Andy Puzder: This is the 'biggest challenge' facing the restaurant industry

Andy Puzder
Cameron Costa | CNBC

Andy Puzder may have stepped down as CEO of CKE Restaurants, but he still has a finger on the pulse of the restaurant industry.

"Really, if I were staying on as CEO at CKE, I think my biggest challenge would be to determine how you adjust to the different way people are purchasing things," Puzder said Tuesday on CNBC"s "Squawk Box."

Puzder, whose last day as CEO was Monday, said shifts in how millennials purchase everything from clothing to groceries has reached restaurants. Chains like Panera and Starbucks have incorporated mobile order and pay options, while McDonald's now has digital kiosks.

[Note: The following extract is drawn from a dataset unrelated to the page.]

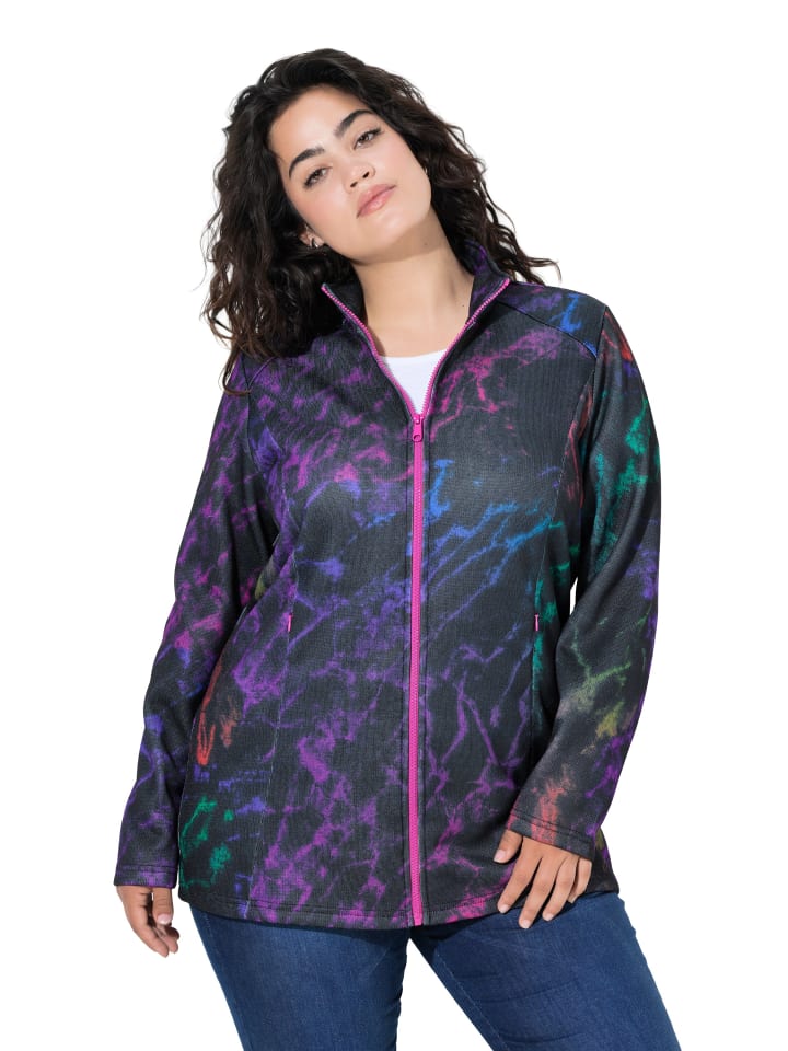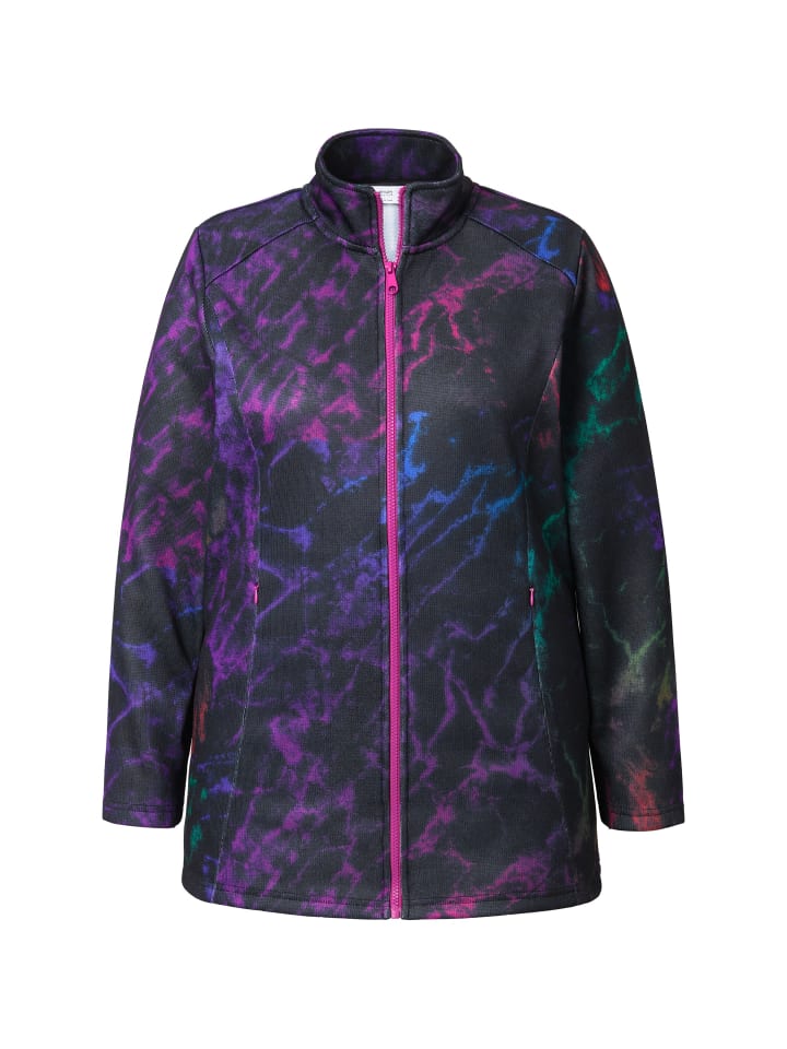 Трикотажная флисовая куртка, удобная посадка. Мягкий трикотаж с принтом по всей поверхности, уютная флисовая подкладка. Воротник-стойка, застежка-молния, 2 кармана на молнии. Длинные рукава.

Of course, these digital innovations haven't come without growing pains for companies. Starbucks, which has seen great success with its mobile order and pay app, reported in January that an increase in digital orders actually hurt its same-store sales. Congestion at the hand-off counter caused incoming customers to leave without making a purchase, despite lines at the register being short, Kevin Johnson, Starbucks' president, and soon-to-be CEO, said at the time.

Puzder said he started to see a shift in consumer purchasing habits in June or July 2015, and that will only continue in the next decade.

"You could see retail significantly changing over a five- or 10-year period, and the companies that can adjust to that will survive and the ones who can't will not," he said.

In order to transition into this new economy, Puzder said people need to change the way they look at education, and more people need to go into vocational training, technical training and on the job training.

"You need to get people prepared for the jobs that exist," he said. "And while we're doing that, you shouldn't eliminate the jobs that they can get now and learn the skills they need to move up that ladder of opportunity."

Puzder said companies need to invest in entry-level positions to properly train the next generation workforce.

"Please don't price young people out of the labor market," he said. "When you do that you hurt them, you hurt the economy, and they don't get the training that they need."

Puzder withdrew his nomination as President Donald Trump's Labor secretary in February in the face of negative news reports.